はっと気付いてべにを見やれば、ほとほとと静かに涙を流す姿にぐさりと胸が抉られるような痛みを感じた。
慌ててあやしにかかったが、完全にへそを曲げてしまったべににぷいとそっぽを向かれてしまい、手を変え品を変えようやくあのぬいぐるみで機嫌を直したのだ。
一人遊びをしている今のうちに、と見守りながら作業をしているが・・・、おままごとをするでもなく、口の中でもごもごと言いながらぬいぐるみを会話させるように動かすあれはいったい何に見立てているのだろうか。
「あのぬいぐるみ、今でも気に入っているのですな。やはり、加州が作ったからでしょうか」
「いやぁ・・・だったら嬉しいんだけどさ。あげた当初、見向きもしなかったんだよ?」
ていうか、今見ても全然可愛くできてないし。
それが今ではその遊び方は置いといて、何にせよ集中して遊んでいるのだから、子どもの興味は本当によくわからない。

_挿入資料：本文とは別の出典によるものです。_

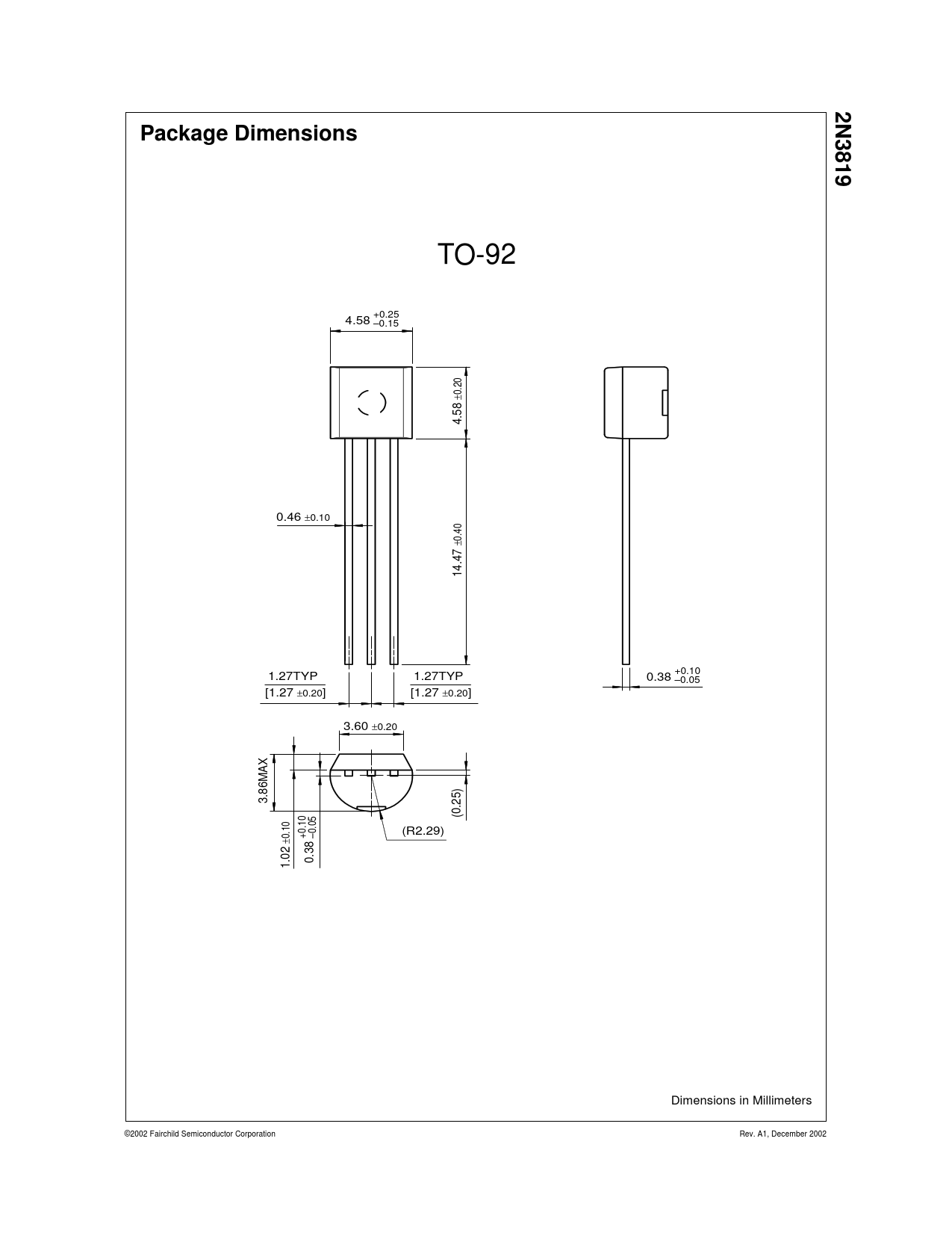 TO-92 +0.25 4.58 –0.15 ±0.20 4.58 0.46 ±0.10 ±0.40 14.47 1.27TYP 1.27TYP +0.10 0.38 –0.05 [1.27 ±0.20] [1.27 ±0.20] 3.60 ±0.20 3.86MAX (0.25) (R2.29) ±0.10 +0.10 –0.05 1.02 0.38 Dimensions in Millimeters ©2002 Fairchild Semiconductor Corporation Rev. A1, December 2002

この前は池の中をじっと見つめていて、何が面白いのか半刻近く動こうともしなかったし。
「まぁ、とにかくこれが終わってからかな」
「ですな。早く姫君のご機嫌を伺わなくては」
同時に刀装の山に手を伸ばして、山の上の方にある刀装を一つずつ掴む。
その時、どこかのバランスが崩れてしまったのだろうか。刀装が一つ、山からゴトンと転がり落ちて、コロコロと転がっていってしまった。
「お・・・っと」
そしてそれがたどり着いた先は、なんとも丁度良くべにの足。
ポンと軽く足に当たったそれにべにが気付いて見下ろし、見比べるようにこちらに視線を送る。
拾いに行こうと腰を浮かしかけて・・・ふと思い立って再び腰を下ろした。
「・・・ねね、べに、それ、こっちちょーだい?」
「・・・・・・」
「足のところにある、これこれ」
「・・・・・・」
「・・・べに〜」
「・・・まだ、難しいでしょうか」
見やすいように顔の横で同じ色の刀装を振って見せる加州に、一期が残念そうに苦笑する。
歌仙から教えてもらったのだ。
“ちょうだい”に応じるのも、見せられたものと同じものを選ぶのも、大事なやり取りの一つ。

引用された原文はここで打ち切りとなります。